BIM tools were essential in overcoming several major engineering challenges.

As its name suggests, the development rests on a new 20,000 m2 elevated deck constructed above the railway lines that connect Tampere to the rest of Finland. This feat of engineering is an exemplary way of reusing space to create a new city neighborhood, but it wasn’t easy to construct.

In a typical deck construction, support pillars of the required dimensions are placed where needed to bear the load from above. But with the Tampere project taking place between the railway lines – while the trains were still running – the pillars could not always be placed in the ideal locations. This was further complicated by the buildings above the deck varying in size and dimension, so the load is not constant throughout.

“The biggest challenge was related to the placement and construction of the 200 or so pillars supporting the deck,” says Jenni Ala-Mantila, a Business Development Manager at SRV Rakennus, the project’s main contractor. “The shape of the arena was unusual, so the massive loads on the pillars needed to be simulated multiple times."

"We could never have done this work with just pen and paper. It would have been impossible to manage without BIM tools.”

Ala-Mantila was responsible for coordinating the project for three years. This role included managing some 400 subcontractors, coordinating materials fabrication and delivery, and working with the structural designers who created more than 500 BIM models. Project data from the accurate and information-rich 3D models were complete and easy to understand.

Irregular designs, complicated scheduling

Another big challenge came from the unusual shape of the 15,000-capacity multifunctional event complex, now called the Nokia Arena. Comprising thousands of segments of different shapes and sizes, the venue can best be described as an irregularly shaped oval. It’s also made up of multiple layers of materials.

“This beautiful design vision was not very easy to construct,” says Ala-Mantila. “Each part of the arena has slightly different size and slope dimensions, so there was a lot of variety in terms of bending the steelwork.”

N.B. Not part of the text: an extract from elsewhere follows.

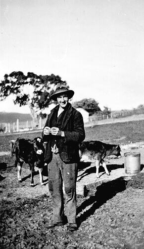 A man rolling a cigarette. He is standing in front of a couple of calves.
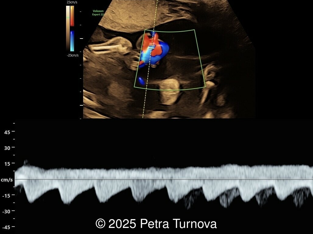 Cord entanglement can be visualized from the 12-13 weeks of pregnancy. The risk of cord events increases in cases of close cord insertion on the placenta. Some studies have confirmed that intermittent occlusion is associated with neurological morbidity, while prolonged occlusion is fatal. Ultrasound may visualize intertwined umbilical cords. On Doppler flow studies, intermittent or persistent notching of the umbilical artery may be present. This phenomenon is typically observed in abnormal uterine artery flow associated with placental insufficiency and is less frequently seen in umbilical artery flow disorders. Based on physical calculations, it has been shown that notching does not occur unless there is a reduction in tube diameter below 75%. Therefore, notching is present in cases of significant flow reduction.

“BIM was indispensable for this. You simply cannot draw everything in 2D and imagine how it will bend. You need 3D tools to do this work and see how it all fits together. As nobody has done this kind of project before, we really needed to be re-designing the whole time to get things right,” she says.
 


The 125,900 m2 development also features two towers with apartments, offices, a hotel and a casino. There’s a large underground car park too. With so many different sub-projects ongoing, steel fabrication for some materials would be underway while design work continued in other areas. Ala-Mantila and the team used Tekla Structures also for project management and sequencing to keep everything coordinated and on schedule.

“We added color-coded information into a shared model to indicate the real-time status of different tasks and to identify any interdependencies,” she says. “This helped us plan the scheduling and coordinate fabrication so that elements arrived on site exactly when needed.”
 

Tampere Deck and Arena Tekla structural BIM

BIM guides multimedia design too

3D modeling tools played a key role in designing and constructing the arena’s media room. 

This so-called ‘media cube’ is suspended by cables from the ceiling of the arena, and can be winched up and down as needed. When in its uppermost position against the ceiling, the cube is rotated and hidden between a maze of piping and hanging structures. It’s a very tight fight.

“Without a BIM, it would have been near impossible to coordinate the placement of the media cube between the HVAC pipes and lighting elements. We needed to plan this with centimeter precision,” says Ala-Mantila.

Building information models were also used by the arena’s Chief Digital Officer to plan the placement of multimedia displays and other digital services around the venue. With much of this planning work taking place remotely, the 3D models created by Ala-Mantila’s team were used to provide virtual tours of the venue for its future users.